### [Task directions]
Down to the last line, print the data that follows exactly, without its pictures.

### [Given material]
"""

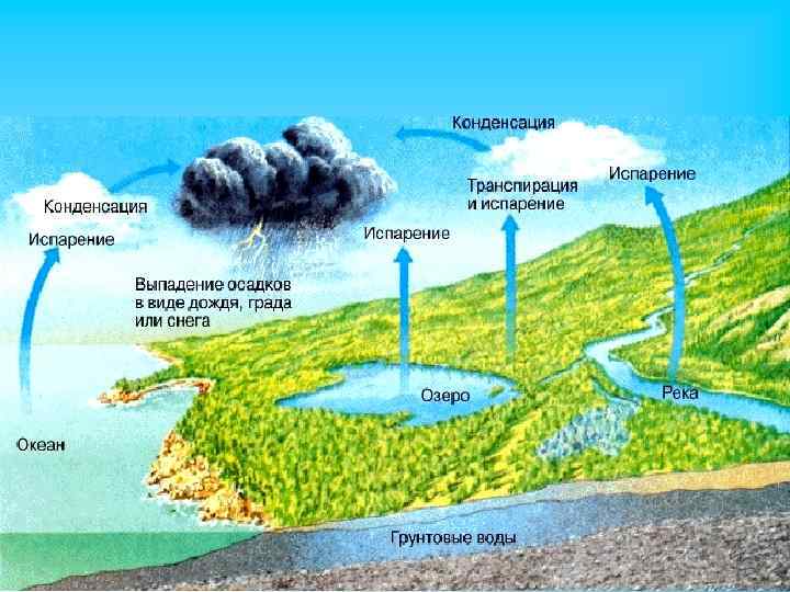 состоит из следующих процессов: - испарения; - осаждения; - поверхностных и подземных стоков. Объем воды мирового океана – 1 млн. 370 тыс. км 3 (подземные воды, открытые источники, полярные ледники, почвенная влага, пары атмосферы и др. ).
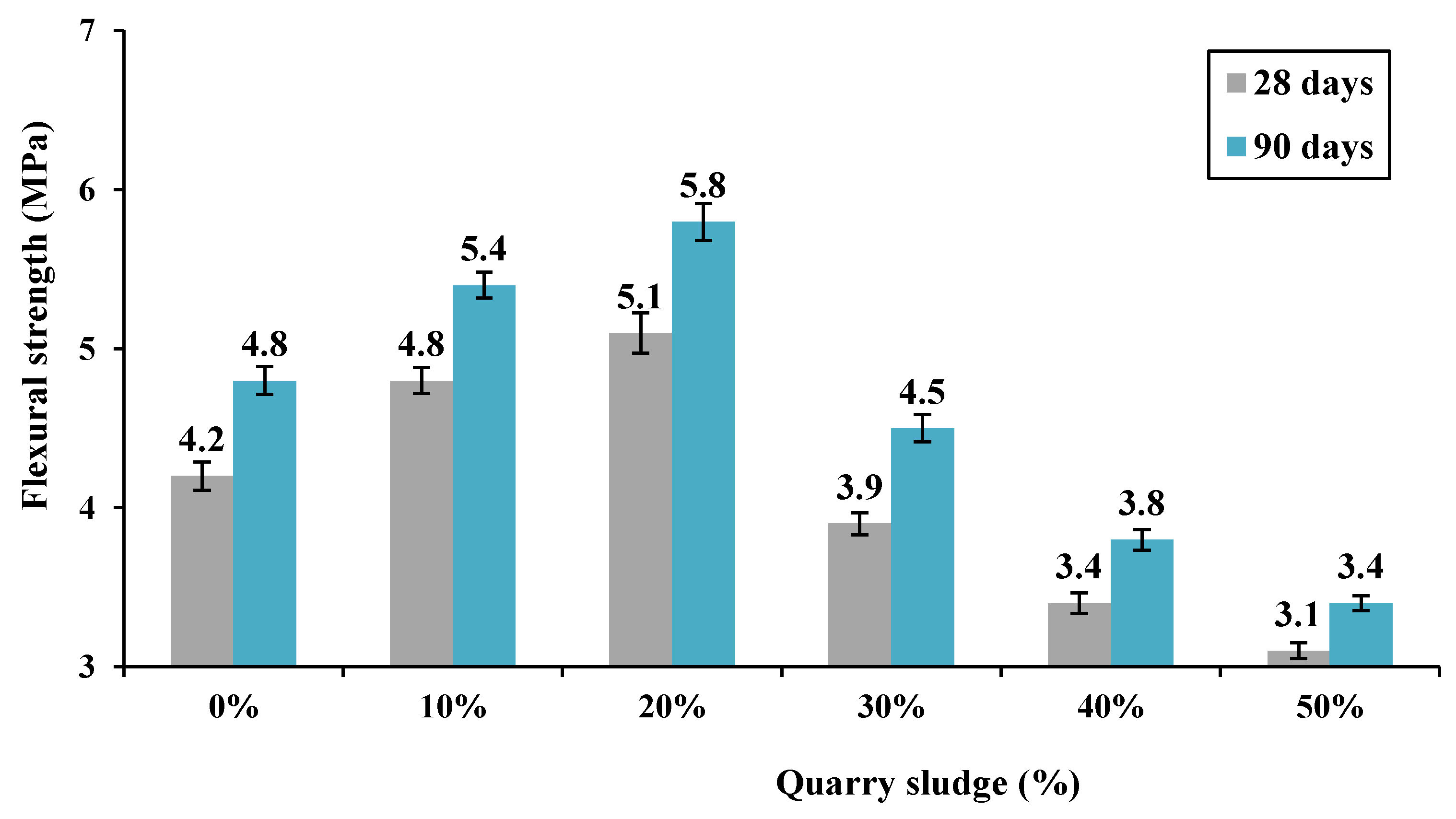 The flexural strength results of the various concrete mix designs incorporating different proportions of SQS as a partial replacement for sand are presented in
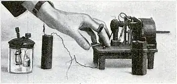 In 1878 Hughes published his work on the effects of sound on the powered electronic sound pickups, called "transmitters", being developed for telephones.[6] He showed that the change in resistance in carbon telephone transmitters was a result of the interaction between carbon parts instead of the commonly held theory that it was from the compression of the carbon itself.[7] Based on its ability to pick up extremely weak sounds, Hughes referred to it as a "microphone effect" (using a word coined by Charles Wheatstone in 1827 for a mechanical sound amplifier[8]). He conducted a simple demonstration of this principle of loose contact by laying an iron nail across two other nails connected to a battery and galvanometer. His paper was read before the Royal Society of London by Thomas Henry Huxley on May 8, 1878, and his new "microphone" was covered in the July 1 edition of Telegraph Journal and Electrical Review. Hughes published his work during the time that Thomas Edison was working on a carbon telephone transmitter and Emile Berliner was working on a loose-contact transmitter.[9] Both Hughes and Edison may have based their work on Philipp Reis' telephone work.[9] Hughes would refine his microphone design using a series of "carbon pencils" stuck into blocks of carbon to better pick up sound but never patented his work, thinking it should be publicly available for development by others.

"""

### [Solution]
 состоит из следующих процессов: - испарения; - осаждения; - поверхностных и подземных стоков. Объем воды мирового океана – 1 млн. 370 тыс. км 3 (подземные воды, открытые источники, полярные ледники, почвенная влага, пары атмосферы и др. ).
 The flexural strength results of the various concrete mix designs incorporating different proportions of SQS as a partial replacement for sand are presented in
 In 1878 Hughes published his work on the effects of sound on the powered electronic sound pickups, called "transmitters", being developed for telephones.[6] He showed that the change in resistance in carbon telephone transmitters was a result of the interaction between carbon parts instead of the commonly held theory that it was from the compression of the carbon itself.[7] Based on its ability to pick up extremely weak sounds, Hughes referred to it as a "microphone effect" (using a word coined by Charles Wheatstone in 1827 for a mechanical sound amplifier[8]). He conducted a simple demonstration of this principle of loose contact by laying an iron nail across two other nails connected to a battery and galvanometer. His paper was read before the Royal Society of London by Thomas Henry Huxley on May 8, 1878, and his new "microphone" was covered in the July 1 edition of Telegraph Journal and Electrical Review. Hughes published his work during the time that Thomas Edison was working on a carbon telephone transmitter and Emile Berliner was working on a loose-contact transmitter.[9] Both Hughes and Edison may have based their work on Philipp Reis' telephone work.[9] Hughes would refine his microphone design using a series of "carbon pencils" stuck into blocks of carbon to better pick up sound but never patented his work, thinking it should be publicly available for development by others.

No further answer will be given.